We don’t know exactly how many people have been working from home, but economists have estimated that it’s between 40% and 70% of workers in the US and Europe. Not everyone will want to go back to office life, at least not all the time, and maybe not during the same hours.
So how do you accommodate the wishes of your staff? Some businesses have told their employees that they can work at home for ever – for example, Twitter and Fujitsu. But not all jobs can be done from home, and many employees don’t have the space, the internet connection or the facilities to work efficiently.
Flexible working has shifted from perk to essential component of the employment contract.
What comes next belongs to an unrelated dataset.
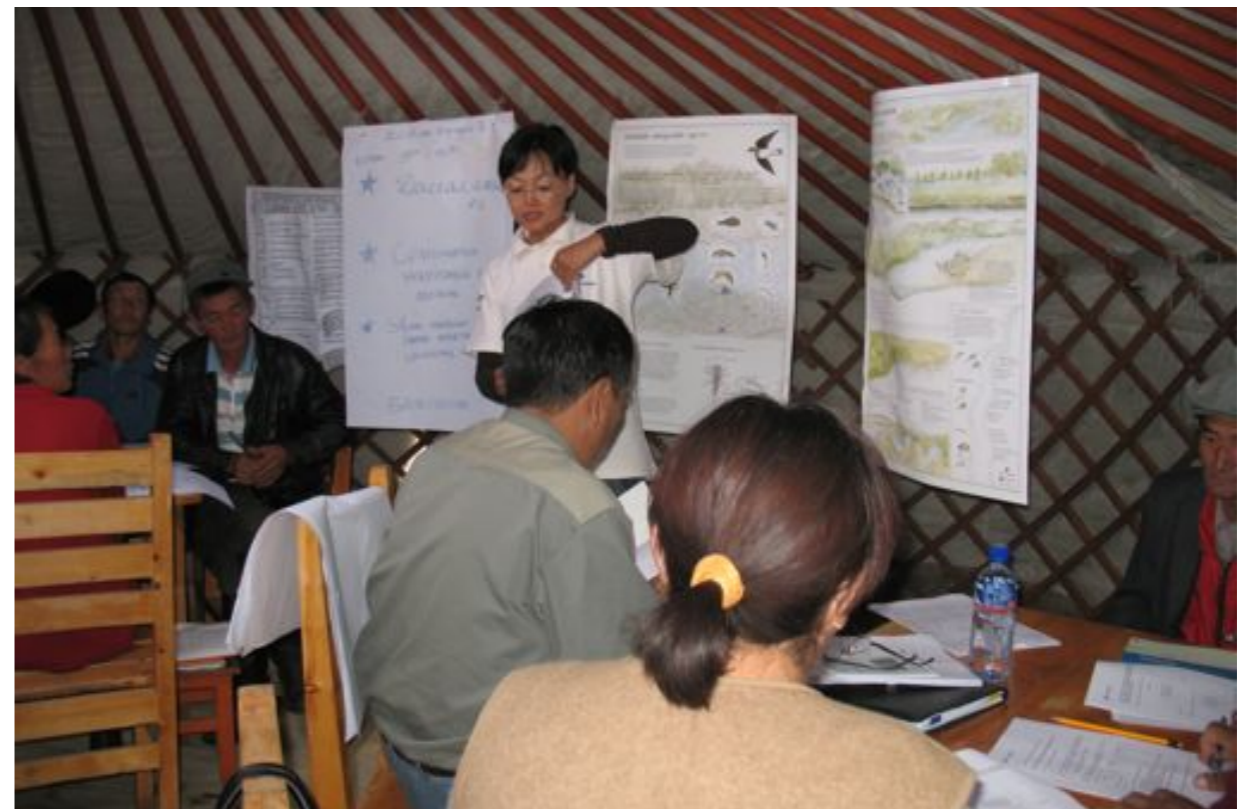
WATER QUALITY MONITORING WORKSHOP

Monica Costa Dias, associate director at the Institute of Fiscal Studies (IFS), points out that scattering working hours will be a way not only to retain staff who don’t want to use public transport in rush hour, but to attract a wider range of skilled but cautious employees in future.
“The use of public transport is very concentrated at particular times of day,” she says, “and this will incentivise firms and workers to relax their work schedules.”
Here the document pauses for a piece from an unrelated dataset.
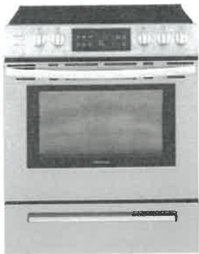
30" Range, Smooth top Frigidaire CFEH3054U

The Energy Saving Trust points out that homes in the UK account for 30% of energy use and a fifth of greenhouse gas emissions. It also claims that a “robust government programme to significantly reduce carbon emissions from homes could generate 200,000 jobs”.
With £3bn of UK government grants on offer, there are direct opportunities for some businesses, especially in the construction sector. The UK’s ageing housing stock loses heat faster than those in mainland Europe, and even in the Nordic countries, where insulation has been more of a capacity. So homeowners from September will be able to apply for vouchers under the Green Homes Grant that pays two thirds of the cost of better insulation and similar energy-efficiency measures, up to a limit of £5,000.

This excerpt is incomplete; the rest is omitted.